正男は正恩と直接会ったことはないとしていたが、「遺憾ながらその幼い子(正恩氏のこと)の表情には、北朝鮮のような複雑な国家の後継者になった人間の使命感や慎重さ、今後の国家ビジョンを悩む表情など、なにも読みとることができません」と言っていた。
さらに「顔が祖父に似ているというだけで住民から支持されるか疑問だ」とも話していた。その通りだろう。
北朝鮮から逃げ、現在は日本に暮らすある日本国籍の男性は、北朝鮮にいる親族から聞いた内部の事情をこう語る。
「正恩は単なるお人形さんで、彼を支える元老たちが北朝鮮を操ると誰もが思った。ところが、正恩は、周囲から軽く見られるのを嫌い、ますます肩に力が入り、暴走気味なため、住民たちは不安がっている」
外交合意や住民との約束よりも自分のメンツを重んじる正恩は、今後どんな暴走を見せると考えられるか。韓国国防研究院の白承周安保戦略研究センター長は、「ミサイルの失敗を取り返そうと、限定的な挑発行為に出てくる可能性がある」と予測する。
また別の識者は「韓国の主要公共機関への大規模なサイバーテロや、ソウルの都心を狙ったテロも考えられる」と語る。
いずれにしても、強硬路線に変わりはないとの見方が大勢だ。日本政府は、そんな「強がり」金正恩にどう向き合うべきか。
まず、これまでの対北政策を総括し、再検討する必要がある。日本政府が行なう制裁には賛成だが、本当に効果はあるのか。日本政府は、とりあえず制裁さえ科しておけば批判をかわせる、などと思っていないだろうか。
現状の経済制裁のままでは、穴がたくさんある。最大のものは、中国との関係だ。日本が経済制裁を科したところで、中朝の貿易は増大の一途を辿り、北朝鮮国内では「日本・韓国製」が「中国製」に変わっただけ。このままでは、10年経っても進展はない。
また、北朝鮮が問題を起こすと、日本外務省の担当者は決まって中国や米国詣でを始める。北朝鮮上層部につながる独自のルートがないからだ。しかし、中東情勢で手一杯の米国は、もう北朝鮮問題で主導権を取る余裕を失っている。面倒を被りたくない中国は、懸命に隣人の味方をする。

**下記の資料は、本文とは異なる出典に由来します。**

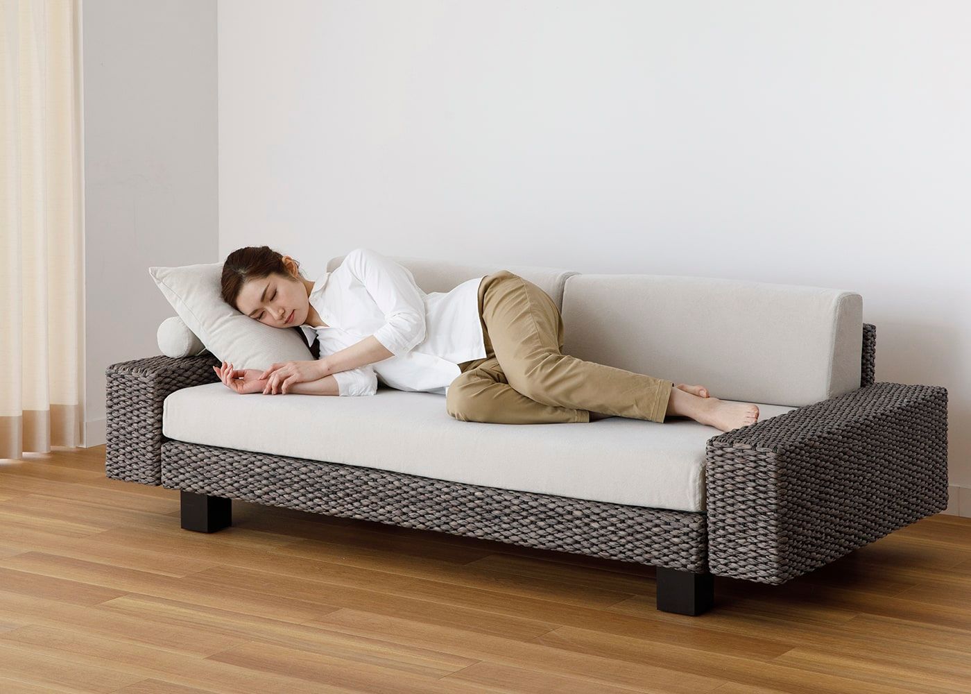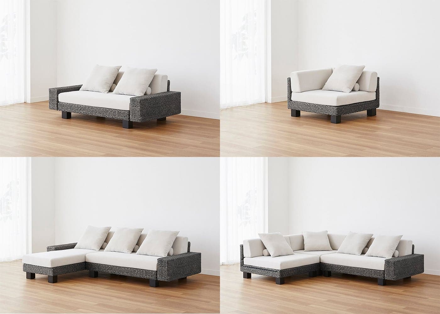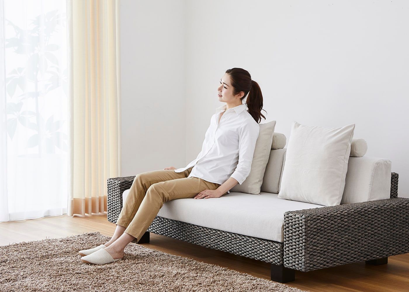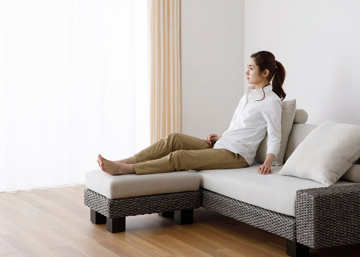a.flatのソファはカバーの着せ替えができるのが魅力。約100色のファブリックから素材や色を選んで、あなただけのカラーコーディネートをお楽しみください。(別売、受注生産)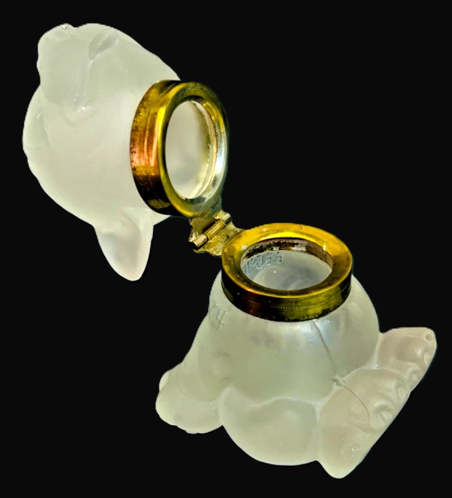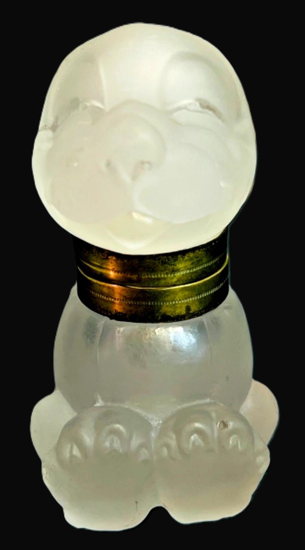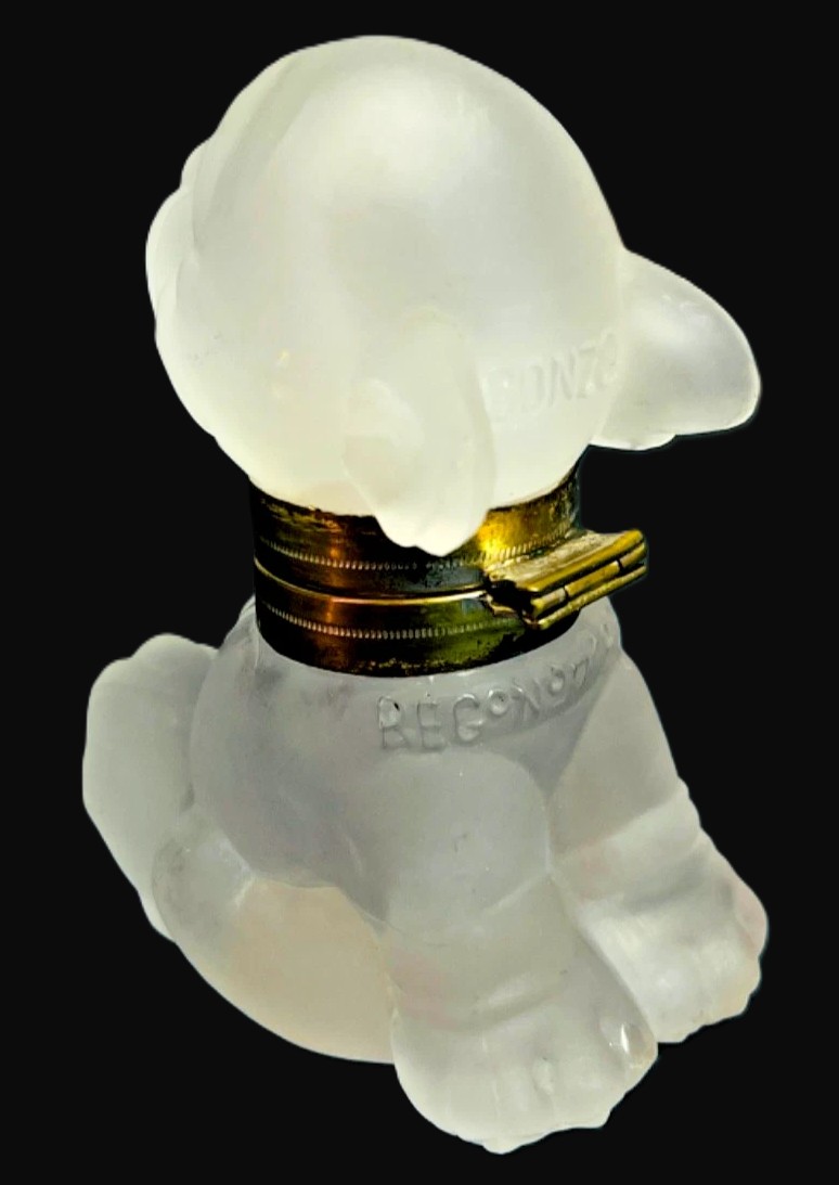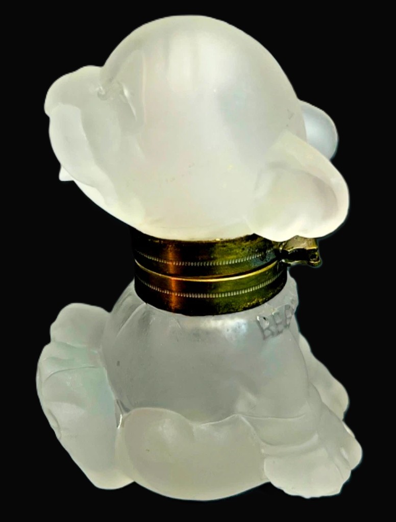 This piece is made of Czechoslovakian glass marked on the collar. The British Registration number is impressed into the glass mold, Registration No. 719074 (dating this to 1926). The word BONZO is impressed into the back of the dog’s head.

そろそろ、他国にお願いするだけの対北外交は効果がないことに気づくべきだろう。日本として独自に何ができるのかを検討する時だ。この4月に平壌で開かれた一連の重要な会議で、崔龍海・軍総政治局長ら軍における「正恩の側近」が一気に出世し、表舞台に出てきた。彼らのような中枢部につながる交渉ラインを自分たちの力で発見することも必要だ。
4月16日の国連安保理議長声明に見られるように、北朝鮮への逆風は強まっている。そんな中、制裁を維持しつつも水面下の接触を増やし、相手側の本心を探る方法もあるだろう。
日朝間の最大の懸案である日本人拉致問題は、父親の時代に起きたことであり、正恩は一応当事者ではない。その分、問題解決に向け、正恩の負担は軽いはずだ。むしろ、戦後補償として巨額な外貨を手にしたいと期待する正恩との間には交渉のチャンスが十分ある。